As with the court reporter, the best quality video will result when the videographer is physically present with the deponent (rather than recording the deponent remotely on a screen), but that may not be possible in light of concerns about COVID-19.
Many videoconferencing platforms offer the capability to record and save the videoconference feed. If you elect this option, be sure to do a test run to check that both audio and video are being captured and recorded. Make sure the lighting and camera are of sufficient quality to capture a clear and sharp image and that the internet connection is sufficiently fast to allow for high-resolution recording. In other words, you are the videographer, so you’ll need to take on this extra task when the videoconferencing feed is the sole method of recording.
Best practice is to obtain leave of court or at least a stipulation of counsel in advance for using the videoconference feed as your audio-visual recording, and then make sure to put that stipulation on the record.
- Know your backup plan
Go into your deposition knowing how you will handle a technology failure. Will you proceed telephonically? Will you reschedule if the video connection cannot be established or suspend if your technology fails mid-deposition?
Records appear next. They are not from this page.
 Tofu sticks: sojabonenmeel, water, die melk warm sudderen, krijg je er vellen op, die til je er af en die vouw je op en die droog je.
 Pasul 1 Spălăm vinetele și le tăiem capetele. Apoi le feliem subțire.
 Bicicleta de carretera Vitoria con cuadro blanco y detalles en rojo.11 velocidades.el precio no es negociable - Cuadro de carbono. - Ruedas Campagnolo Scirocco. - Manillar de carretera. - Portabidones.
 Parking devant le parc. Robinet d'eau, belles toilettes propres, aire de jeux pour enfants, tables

Will you be able to get the deponent back another time?
If you’ve tested your connection in advance, it’s unlikely you will encounter a technology problem that cannot be quickly resolved, although having a backup plan will save you from making a snap decision without thinking through potential consequences to your case.
To sum up, it is possible to proceed with scheduled depositions by moving them to videoconference instead of in-person or by telephone. Advance planning and testing will dictate how smoothly your deposition runs. As evidence suggests we will be grappling with limiting in-person contact for some time, videoconferencing is a great tool to enable cases to proceed through discovery.
Pierce Atwood partner Katherine Kayatta is a litigator with trial experience in state and federal courts in Maine and Massachusetts. She focuses her practice on complex commercial litigation and class action defense.